**Interest Rate Rollercoaster: Bank of England Set to Slash Rates Amid Economic Jitters!**

The Bank of England is anticipated to announce a cut in interest rates this Thursday, lowering the cost of borrowing to its most affordable level in over two years, with projections suggesting a decrease from 4.25% to 4%. This reduction marks the fifth cut since last August and serves as a significant milestone as it would bring rates to their lowest since March 2023.

For homeowners, a reduced base rate could mean a savings of approximately £40 per month on an average standard variable rate mortgage of £250,000 over 25 years, according to Moneyfacts. However, this presents a double-edged sword for savers, as the average return on savings is also expected to slide from 3.9% last August to just 3.5%, leading some experts, including Rachel Springall from Moneyfacts, to warn that savers could face increasing challenges.

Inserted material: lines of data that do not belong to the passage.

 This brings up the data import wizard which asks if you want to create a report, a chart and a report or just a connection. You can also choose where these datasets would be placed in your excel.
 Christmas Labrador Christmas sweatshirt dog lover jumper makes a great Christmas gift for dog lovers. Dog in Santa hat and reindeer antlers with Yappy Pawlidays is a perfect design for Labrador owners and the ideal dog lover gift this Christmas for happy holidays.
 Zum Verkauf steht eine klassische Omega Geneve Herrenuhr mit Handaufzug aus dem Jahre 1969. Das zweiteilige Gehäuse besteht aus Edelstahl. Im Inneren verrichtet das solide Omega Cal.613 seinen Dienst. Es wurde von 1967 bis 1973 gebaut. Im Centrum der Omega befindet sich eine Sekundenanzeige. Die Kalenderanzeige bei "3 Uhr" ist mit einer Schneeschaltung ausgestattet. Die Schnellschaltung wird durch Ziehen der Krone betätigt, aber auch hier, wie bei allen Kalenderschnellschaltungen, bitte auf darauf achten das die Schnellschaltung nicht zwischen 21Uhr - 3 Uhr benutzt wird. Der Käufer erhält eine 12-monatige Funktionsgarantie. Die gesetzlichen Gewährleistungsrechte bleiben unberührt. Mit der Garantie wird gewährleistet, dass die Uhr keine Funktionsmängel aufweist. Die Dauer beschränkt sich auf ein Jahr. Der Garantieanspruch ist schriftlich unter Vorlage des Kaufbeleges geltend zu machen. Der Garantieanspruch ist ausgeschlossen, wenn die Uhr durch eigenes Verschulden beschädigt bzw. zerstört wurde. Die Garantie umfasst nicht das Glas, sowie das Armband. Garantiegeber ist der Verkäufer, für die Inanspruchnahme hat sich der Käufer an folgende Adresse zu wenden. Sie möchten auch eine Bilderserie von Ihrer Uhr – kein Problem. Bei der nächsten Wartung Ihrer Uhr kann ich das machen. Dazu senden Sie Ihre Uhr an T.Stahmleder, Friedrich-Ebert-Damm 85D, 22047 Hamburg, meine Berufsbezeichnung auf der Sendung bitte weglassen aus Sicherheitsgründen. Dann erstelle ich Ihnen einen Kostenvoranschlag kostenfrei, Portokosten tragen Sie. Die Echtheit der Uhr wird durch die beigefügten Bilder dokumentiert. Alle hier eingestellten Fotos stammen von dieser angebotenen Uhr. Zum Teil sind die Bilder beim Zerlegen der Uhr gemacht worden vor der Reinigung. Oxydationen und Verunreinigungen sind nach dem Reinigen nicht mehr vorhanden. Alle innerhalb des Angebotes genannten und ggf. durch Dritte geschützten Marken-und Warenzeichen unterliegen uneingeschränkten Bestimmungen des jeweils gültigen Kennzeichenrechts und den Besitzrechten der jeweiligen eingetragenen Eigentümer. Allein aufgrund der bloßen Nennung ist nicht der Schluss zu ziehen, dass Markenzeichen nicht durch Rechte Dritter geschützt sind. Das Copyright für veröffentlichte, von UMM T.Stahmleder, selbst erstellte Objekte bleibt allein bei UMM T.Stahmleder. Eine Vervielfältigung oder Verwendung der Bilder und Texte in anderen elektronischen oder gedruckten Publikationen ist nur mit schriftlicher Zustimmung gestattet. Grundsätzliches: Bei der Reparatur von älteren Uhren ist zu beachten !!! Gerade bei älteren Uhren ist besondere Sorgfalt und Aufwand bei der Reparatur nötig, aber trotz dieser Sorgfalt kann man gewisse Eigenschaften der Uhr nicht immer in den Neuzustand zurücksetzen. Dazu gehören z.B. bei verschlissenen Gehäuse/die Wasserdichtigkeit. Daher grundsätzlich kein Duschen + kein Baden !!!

As part of this economic landscape, the Bank of England also plans to unveil forecasts amid concerns that the economy has faltered in April and May, possibly leading to a significant spending gap that may prompt the government’s consideration of tax increases in the upcoming Autumn Budget. Upcoming data from the Office for National Statistics will provide insight into the UK’s economic performance for the period between April and June, following a 0.7% growth in the first quarter.

Experts believe that while interest rates might continue to decrease, the pace is expected to slow. Liz Martins, a senior UK economist at HSBC, predicts that borrowing costs will decrease to 3% by late 2026, while cautioning that the bank might proceed carefully in its upcoming decisions. Interestingly, this expected cut comes despite inflation rising above the Bank’s target of 2% for the first time, recorded at 3.6% as of June, influenced by increasing costs in essentials such as food, clothing, and transportation. The labor market is also exhibiting signs of cooling, with dips in employment numbers and a rise in the jobless rate, which could further impact inflation dynamics.